From an enterprise perspective, if Quest’s HyperCache technology lives up to its promise (even if it does not achieve the claimed 99% reduction in IOPS), it will strike directly at the heart at the two biggest criticisms levied at the VDI – the high cost of storage and the risk associated with layering multiple vendors’ products into a single services stack to provide a comprehensive VDI service at a reasonable cost. It may not deliver the same write optimizing performance as specialist vendors like Atlantis Computing can offer, but when it comes to IOPS, any level of improvement is welcome, and if it can achieve this without introducing another vendor into the mix, that may well be enough of an advantage for some customers. It will be interesting to follow how Desktop Cloud develops over the next few releases. Given Quest’s current momentum the possibility of it continuing to develop Desktop Cloud into a Desktop as a Service (DaaS) platform should not be overlooked. Existing Quest partners, and service providers reluctant to pay the higher cost of a Citrix XenDesktop license may well find vWorkspace attractive as low-risk, low-cost entry into the DaaS market.

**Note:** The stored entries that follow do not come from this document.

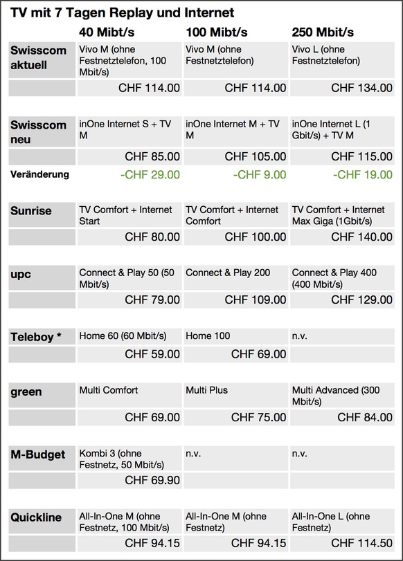 Update: Ein Leser schreibt: «UPC Connect 40 für 49.- pro Monat enthält auch TV (und selbst Festnetz), wäre also unter Punkt 1 aufzuführen und dort ganz klar das günstigste Angebot.»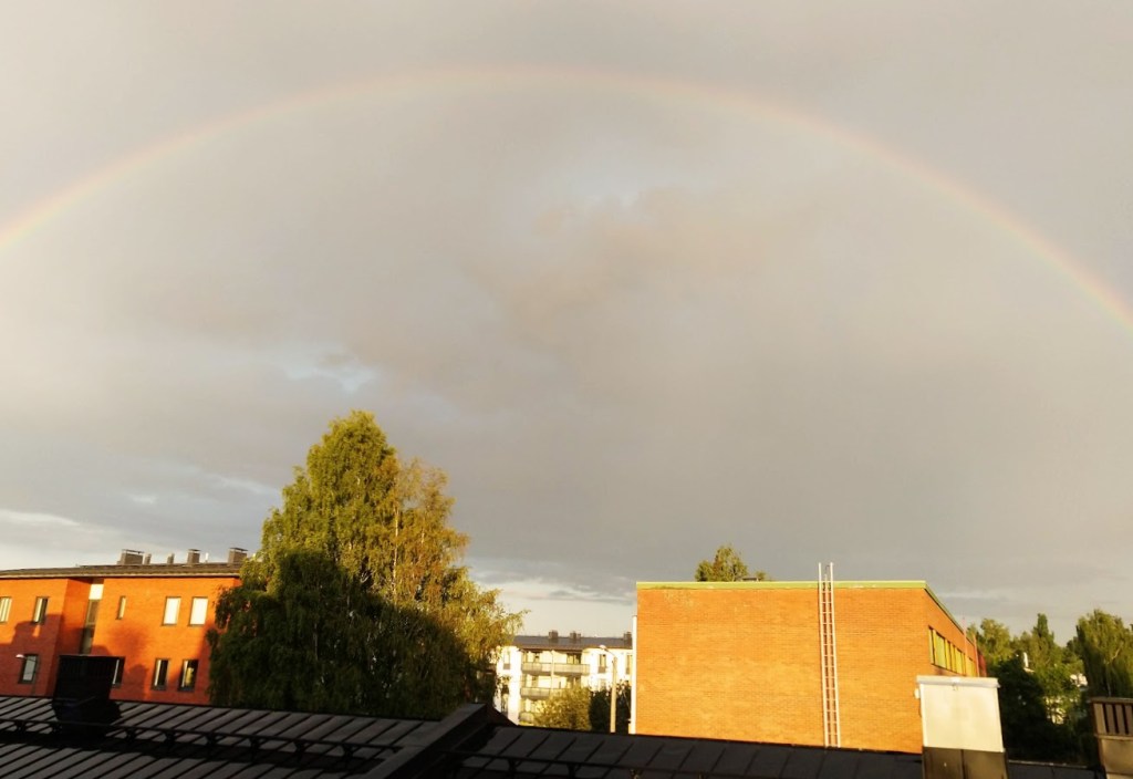 Ihailin illalla etelän suunnassa komeilevaa upeaa sateenkaarta. Päivä oli pilvinen, mutta ilta-aurinko valaisi taas kerran järkyttävän päivän. Sairaanhoitaja Veera soitti aamulla, että Jussilla on paha nenäverenvuoto ja hän lähettää miehen ensiapuun.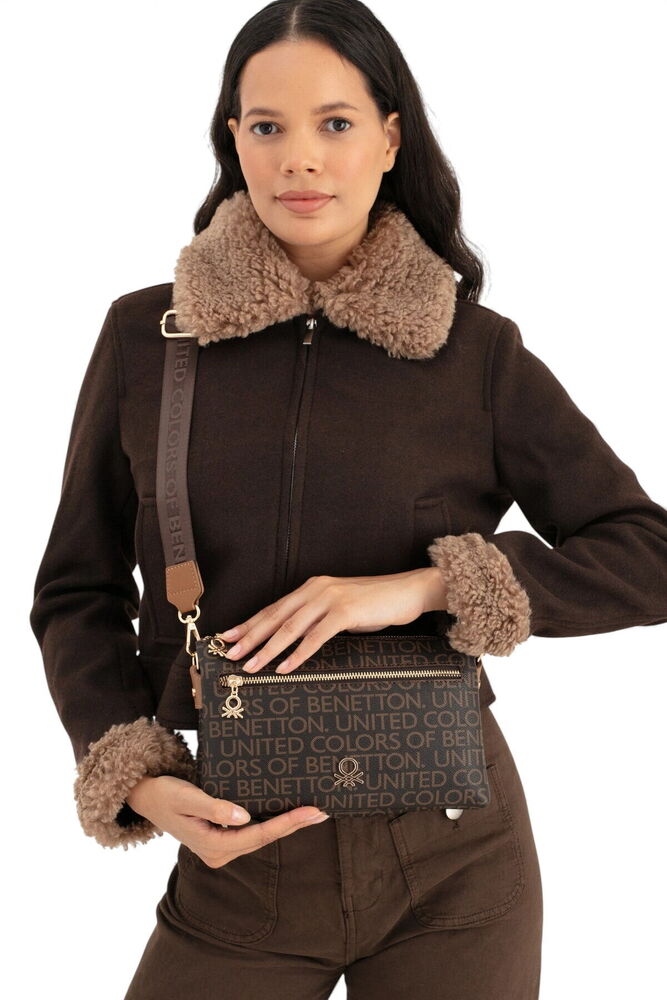 Benetton Monogram Kahve-Taba Kadın Çapraz Askılı Çanta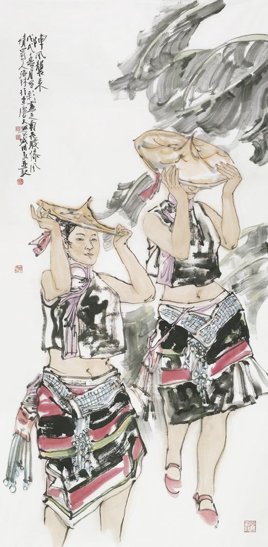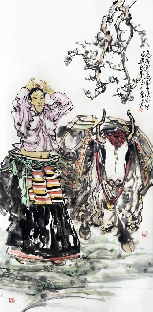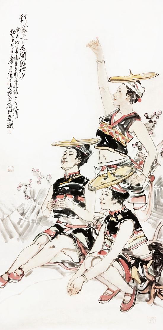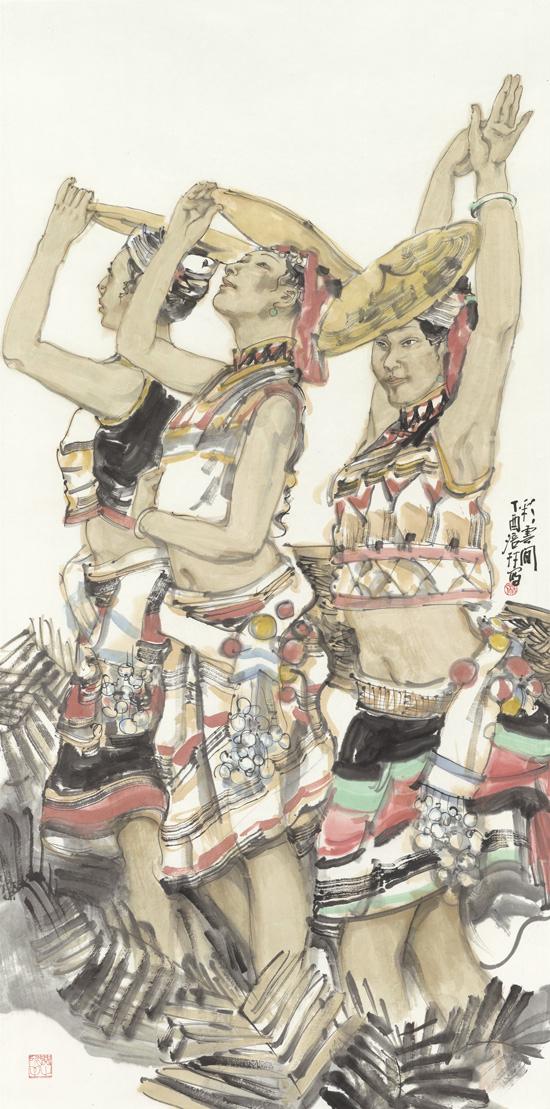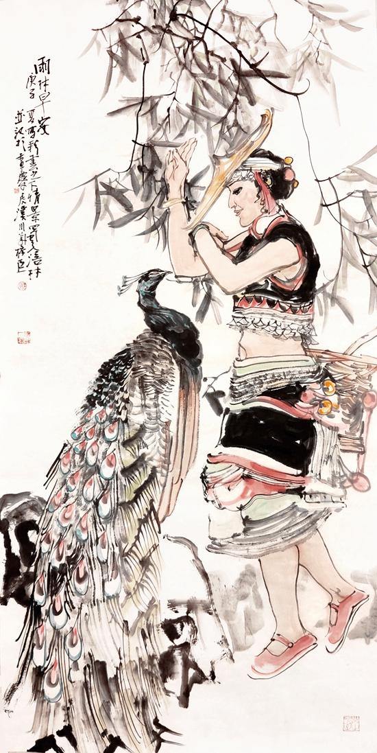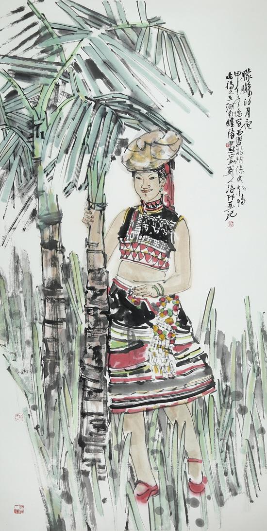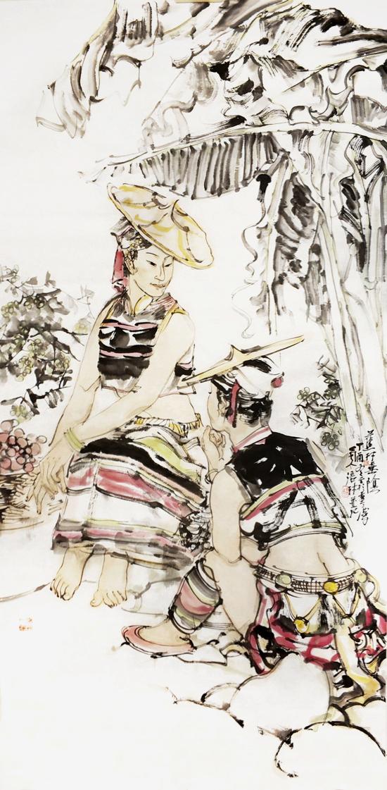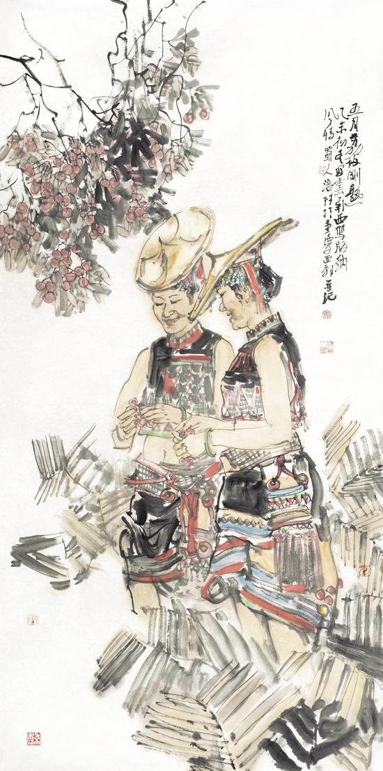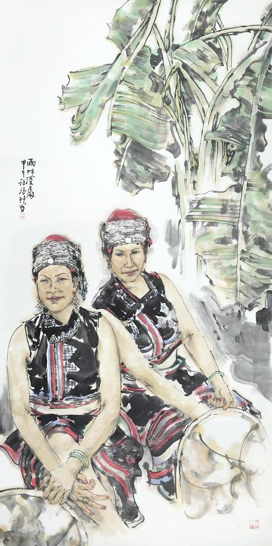 近年来,在人物画创作上风头正劲杨涪林开始有意识地把较多的笔墨投向了少数民族人物画,并在这一领域进行了全新的开掘和探索。因为有了多年人物画创作的功底和积累,杨涪林的少数民族人物画一开始就起点甚高、出手不凡。他先后创作出了《四月的澜沧江畔》等一大批少数民族人物画作品,获得了巨大的成功,其中《同心图》获得了全国第五届各民族画展金奖的,在重庆美术界刮起了一股不大不小的“最炫民族风”。

After years standing in Citrix and VMware’s shadows, Quest is sending a clear message that its is no longer willing to settle for third place. vWorkspace 7.5 has the makings of the ideal desktop virtualization platform, providing the opportunity not just to rock the boat of the desktop virtualization market place, but to leave some of its competitors baling hard to stay afloat, more than confirming Quest’s position in the top tier of desktop virtualization vendors. With vWorkspace 7.5 Quest has delivered a solution with the depth of features and functionality needed to support the largest enterprise, yet made it so easy to use that it can be deployed by almost anyone. Given the breadth of new features Quest has introduced in vWorkspace 7.5 it’s hard to understand why Quest would choose to label this a  point release, unless perhaps it has bigger plans for vWorkspace 8.0.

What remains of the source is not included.